2D/2D heterojunctions of WO3 nanosheet/K+Ca2Nb3O10− ultrathin nanosheet with improved charge separation efficiency for significantly boosting photocatalysis

Abstract

Harvesting solar energy using semiconductor photocatalysts for wastewater decontamination offers a greener solution to address serious environmental crises. Delamination of layer photocatalysts into ultrathin two-dimensional (2D) nanosheets has induced fascinating properties such as electronic/protonic-conductivity and photocatalytic and fluorescent properties. K⁺Ca₂Nb₃O₁₀⁻ is one prominent type of such materials, which is derived from the Dion–Jacobsen phase KCa₂Nb₃O₁₀ by exfoliation.
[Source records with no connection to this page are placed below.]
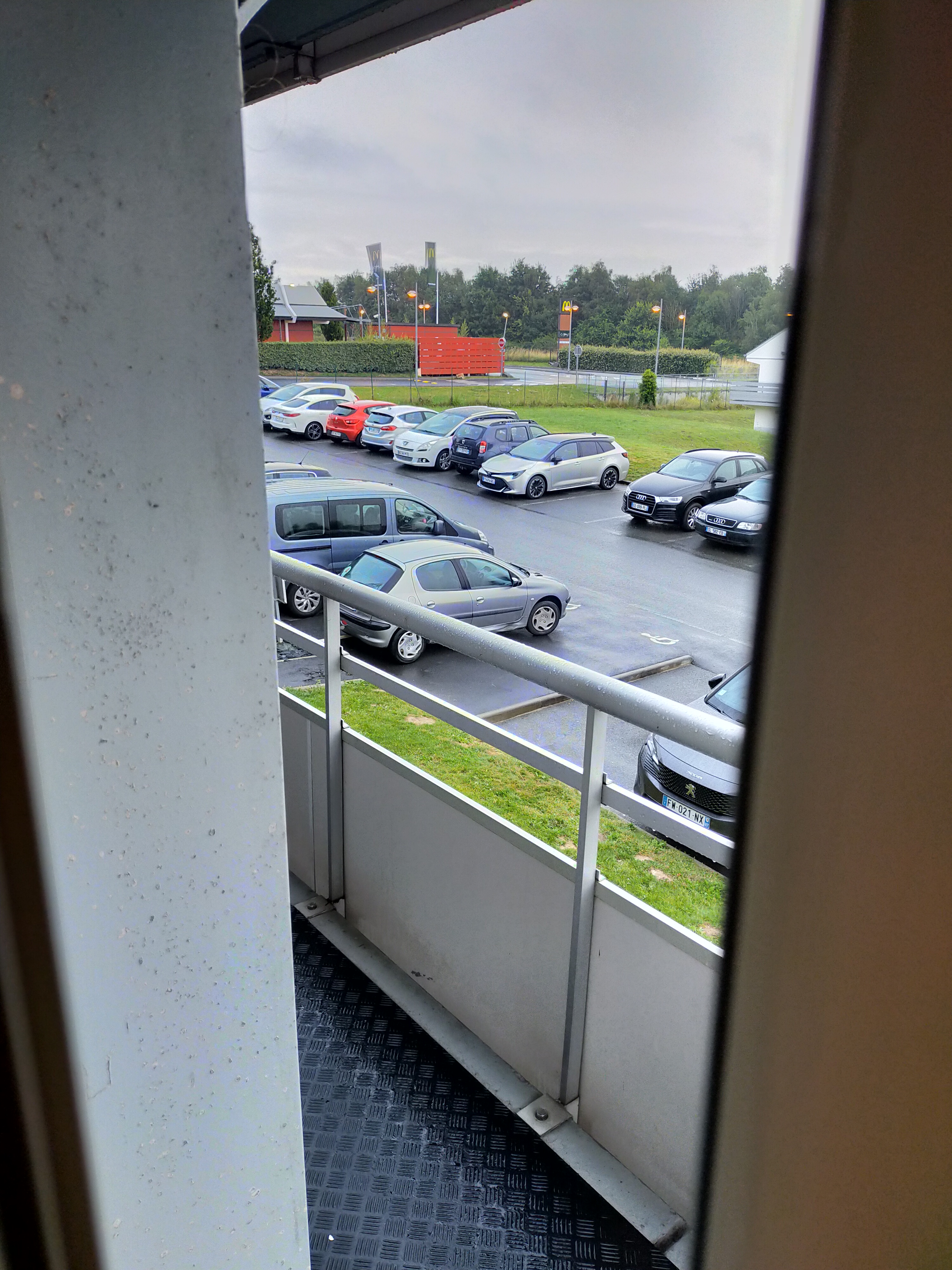 Arrivés sur le parking accueillis par 2 chiens agressifs appartenant à des clients, arrivés dans le hall des draps au sol avec un seau d'eau sale avec la serpillière à côté, la femme à l'accueil avec un fort accent nous dit que notre chambre n'est pas dispo avant 15h alors que la réservation commence à 14h, on nous propose à la place une chambre handicapés avec 2 lits, au final avons notre chambre au bout de15 minutes totalement trempée, les draps sales et seau avec la serpillière devant la porte ( sympa l'accueil ) , le parking n'a pas été fermé la nuit alors que c'est indiqué fermé sur votre site, douche peu pratique et petit déjeuners servi dans des sacs kraft comme chez mc do, dommage je n 'arrive pas a transférer mes photos
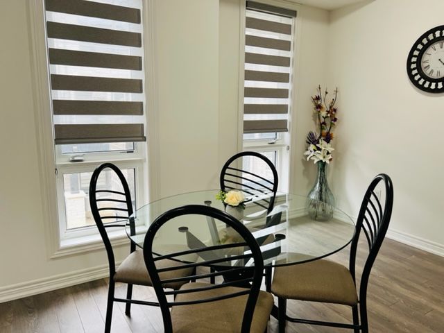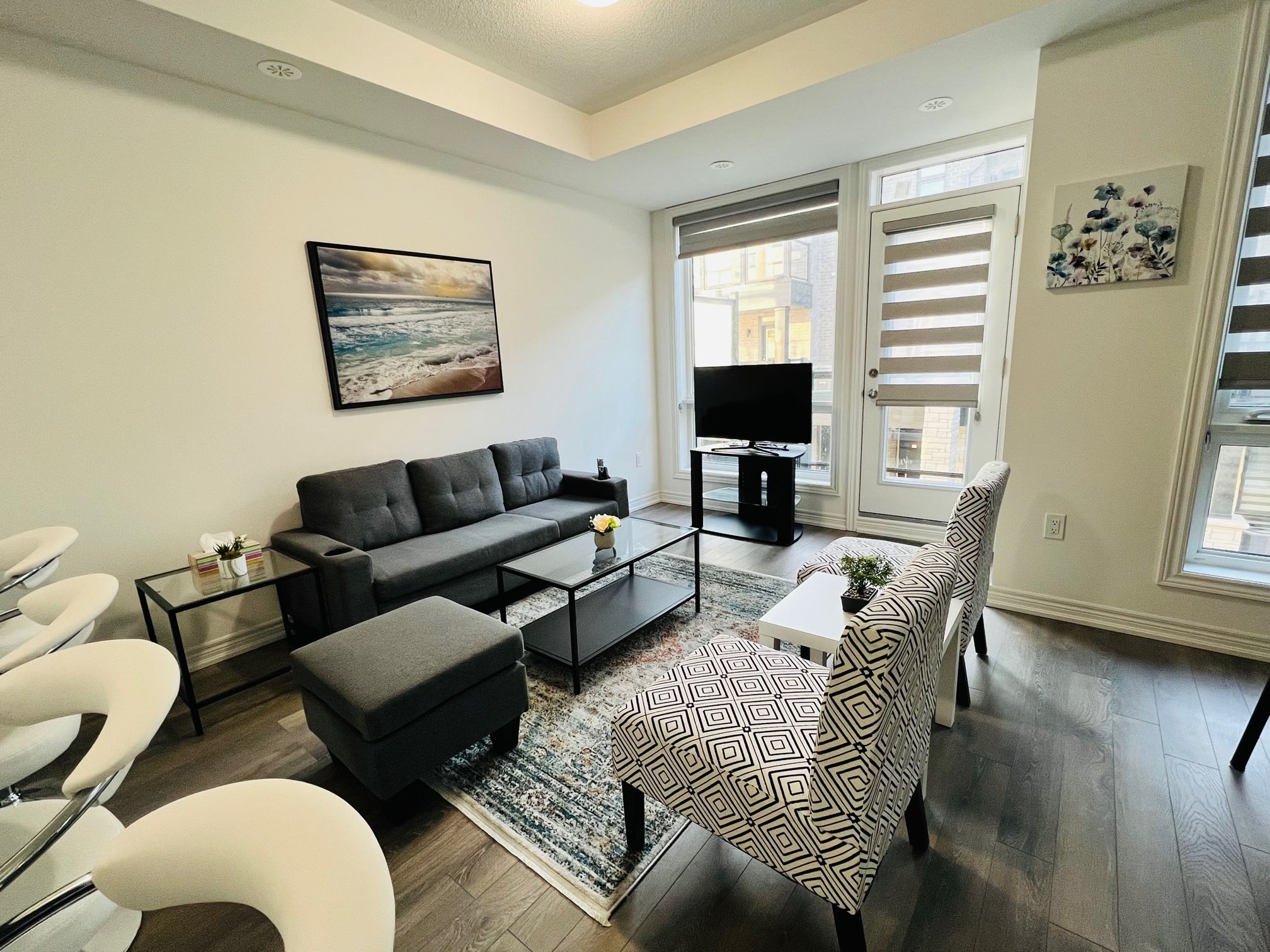 Located in the heart of castlemore, this beautiful condo townhouse offers 2 spacious bedrooms, 2 washrooms, and a versatile great room that can also be used as a 3rd bedroom or home office. Features include 9-ft ceilings, hardwood floors, modern open-concept kitchen, and ensuite laundry. Enjoy plenty of natural sunlight throughout, with walk-out balconies from both the main living area and the upper level. The home also includes a separate parking and private mailbox. Conveniently located close to schools, plazas, public transit, highways 407 & 427,costco, and nearby temples. Perfect for families or investors looking for a prime location with great amenities.
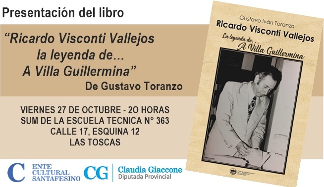 El día viernes 27 de octubre a partir de las 20hs en el SUM de la Escuela Técnica N° 363 (Calle 17, esquina 12) en el marco del Primer Festival de Poesía del Norte Santafesino, se llevará a cabo la presentación del libro «Ricardo Visconti Vallejos la leyenda de… A Villa Guillermina» del autor Gustavo Toranzo.
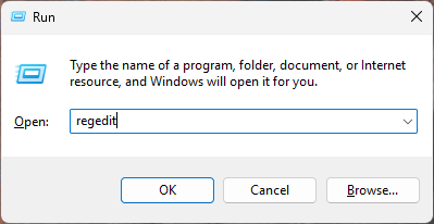 Step 1: Open the Registry Editor. You can do so from the Start menu or with the regedit command in the RUN dialog box (Win+R).
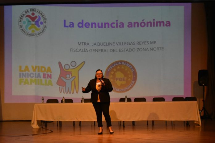 Personal de la Fiscalía Especializada en Atención a Mujeres Víctimas del Delito por Razones de Género, habló del tema “El Deber de Denunciar”; la Fiscalía General de Distrito Norte con “La Denuncia Anónima”; el Grupo de Orientación Escolar Chihuahuense expuso el tema “Intervención Informativa Educativa” y el Centro de Justicia para las Mujeres habló sobre la “Intervención Oportuna de Padres, Madres y/o Tutores en el Acompañamiento Formativo de Educación Básica”.
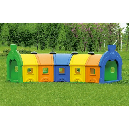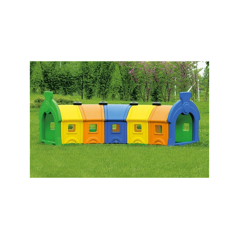 Wagon Toy è un gioco componibile costituito da elementi ad incastro modulare. Facile da comporre, è robusto ed affidabile, è in grado di supportare in TUTTA SICUREZZA, fino a 250 kg ovvero circa 10 bimbi. Disponibile in vivaci colori resistenti ai vari agenti atmosferici. Grazie al suo sicuro basamento di appoggio ad incastro, si può collocare su qualsiasi superficie garantendo l’incolumità del bambino durante il percorso, inoltre le finestrelle laterali, favoriscono una buona illuminazione all’interno dell’ampio tunnel. La sagoma di questi elementi consente di costruire percorsi a forme diverse. Composto da:

Here, a Z-scheme WO₃/K⁺Ca₂Nb₃O₁₀⁻ binary 2D–2D heterojunction photocatalyst is successfully constructed through an easy hydrothermal coassembly method at room temperature. The as-synthesized WO₃/K⁺Ca₂Nb₃O₁₀⁻ photocatalyst exhibited remarkable improvement in the photodegradation performance of tetracycline hydrochloride under simulated sunlight irradiation as compared to pristine WO₃ and K⁺Ca₂Nb₃O₁₀⁻ nanosheets. Sample 20%-WO₃/K⁺Ca₂Nb₃O₁₀⁻ exhibited optimum efficiency, which is about 5.1-fold and 2-fold higher than those of WO₃ and K⁺Ca₂Nb₃O₁₀⁻, respectively. Such an improvement is mainly related to its strongly coupled heterointerfaces, enlarged specific surface area and improved charge carrier separation and transfer. Radical capturing experiments and the spin-trapping ESR technique demonstrate that both ˙O₂⁻ and h⁺ are the important active species responsible for the tetracycline hydrochloride degradation process over the nanosheet heterojunctions.